Pictures must be kept out of the copy. Every entry is to be duplicated exactly.

┌─ DATA TO EXAMINE

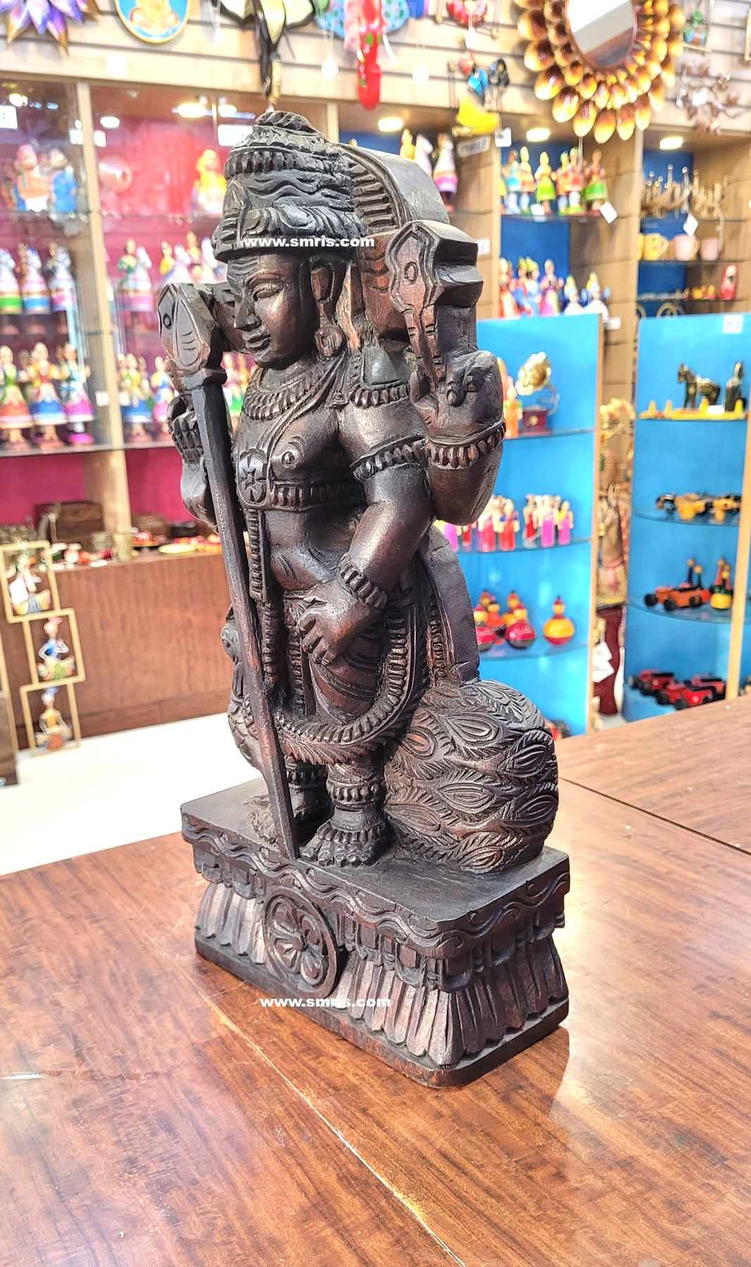 Product Overview – Exquisitely handcrafted Murugar Wooden Statue made from premium Vaagai wood with a rich rosewood colour finish. Designed in authentic Chettinad wooden carving style, this divine sculpture reflects traditional South Indian artistry, making it ideal for pooja and spiritual home décor.
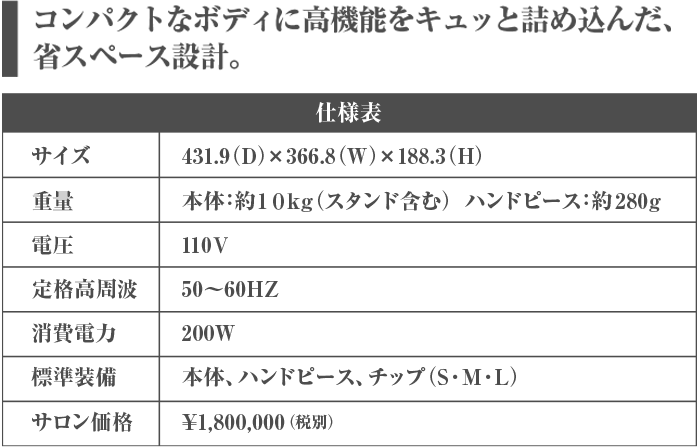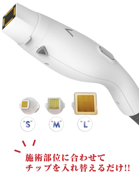 この1台で、フェイシャルやボディケアなど、さまざまな施術に対応。専用チップを交換すれば、多様なニーズにもお応えできます。
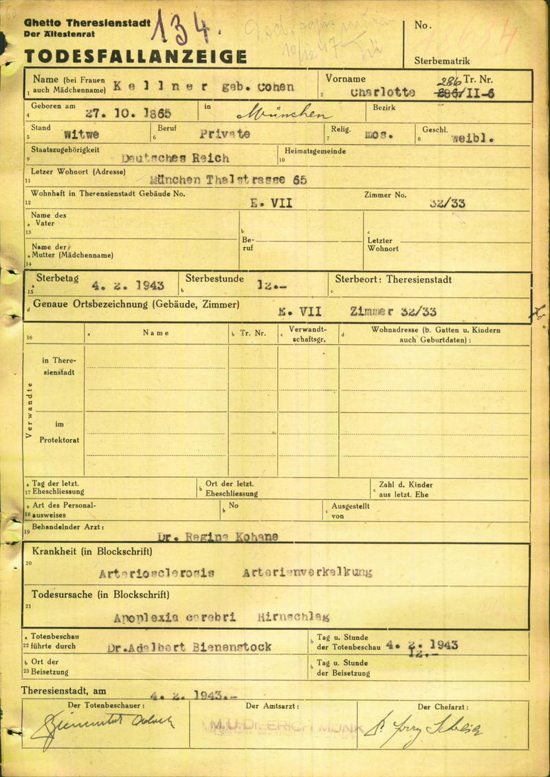 Kellner Charlotte: Todesfallanzeige, Ghetto Theresienstadt
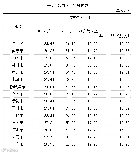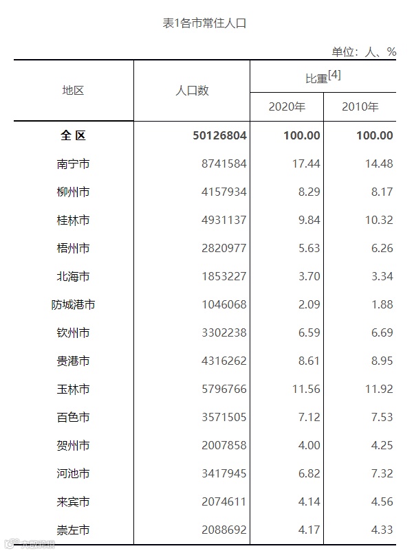广西第七次人口普查主要数据公报
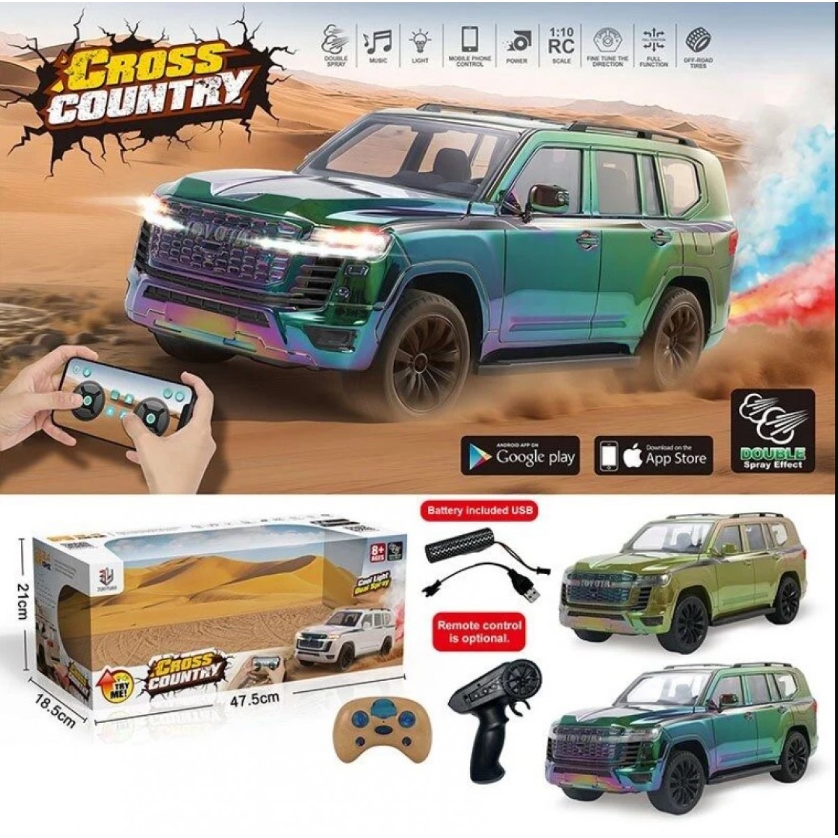 Готов покорять бездорожье? Этот мощный внедорожник в масштабе 1:10 создан для ярких заездов и зрелищных маневров. Машинка имеет парогенерацию, двигается по всем направлениям, воспроизводит звуки и динамическую музыку, а при необходимости можно включить беззвучный режим. Кроме этого, она имеет яркую подсветку, которая придает эффектности каждому заезду и делает игру еще более увлекательной в темное время суток.
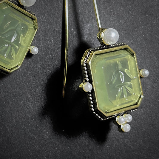 Art Nouveau Etched Green Stone and White Pearl Gold Earrings
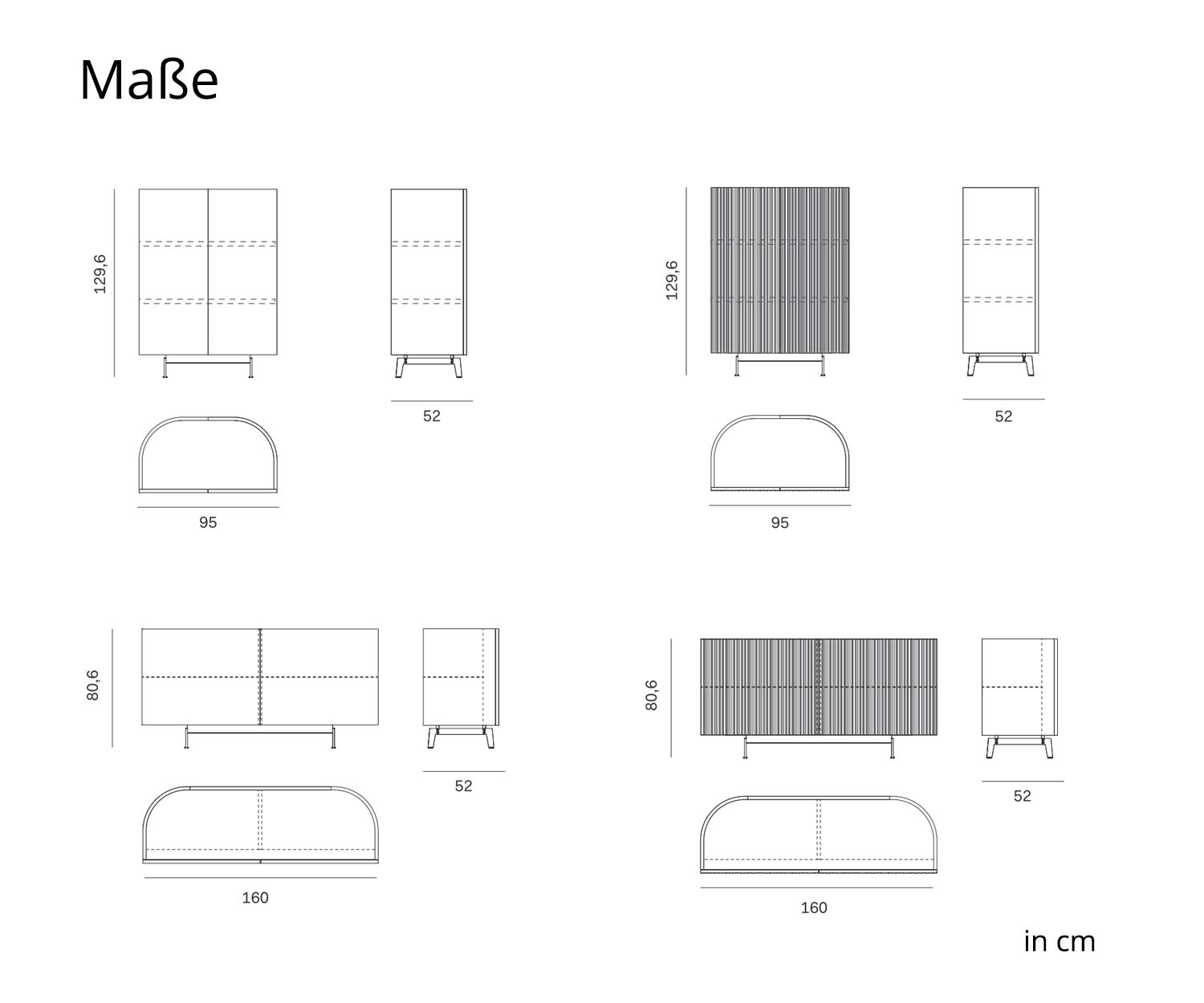 Innenausstattung: Hinter den Türen des Novamobili Design Sideboards befindet sich ein Glas-Einlegeboden. Der Innenraum ist in derselben Farbe wie der Außenkorpus lackiert. Beim Highboard sind es zwei Glas-Einlegeböden pro Tür. Bitte schauen Sie sich die Skizze an, um zu erfahren, wo Einlegeböden verbaut sind. Die Einlegeböden sind fest und nicht in der Höhe verstellbar.

└─

** EXPECTED ANSWER **
 Product Overview – Exquisitely handcrafted Murugar Wooden Statue made from premium Vaagai wood with a rich rosewood colour finish. Designed in authentic Chettinad wooden carving style, this divine sculpture reflects traditional South Indian artistry, making it ideal for pooja and spiritual home décor.
 この1台で、フェイシャルやボディケアなど、さまざまな施術に対応。専用チップを交換すれば、多様なニーズにもお応えできます。
 Kellner Charlotte: Todesfallanzeige, Ghetto Theresienstadt
广西第七次人口普查主要数据公报
 Готов покорять бездорожье? Этот мощный внедорожник в масштабе 1:10 создан для ярких заездов и зрелищных маневров. Машинка имеет парогенерацию, двигается по всем направлениям, воспроизводит звуки и динамическую музыку, а при необходимости можно включить беззвучный режим. Кроме этого, она имеет яркую подсветку, которая придает эффектности каждому заезду и делает игру еще более увлекательной в темное время суток.
 Art Nouveau Etched Green Stone and White Pearl Gold Earrings
 Innenausstattung: Hinter den Türen des Novamobili Design Sideboards befindet sich ein Glas-Einlegeboden. Der Innenraum ist in derselben Farbe wie der Außenkorpus lackiert. Beim Highboard sind es zwei Glas-Einlegeböden pro Tür. Bitte schauen Sie sich die Skizze an, um zu erfahren, wo Einlegeböden verbaut sind. Die Einlegeböden sind fest und nicht in der Höhe verstellbar.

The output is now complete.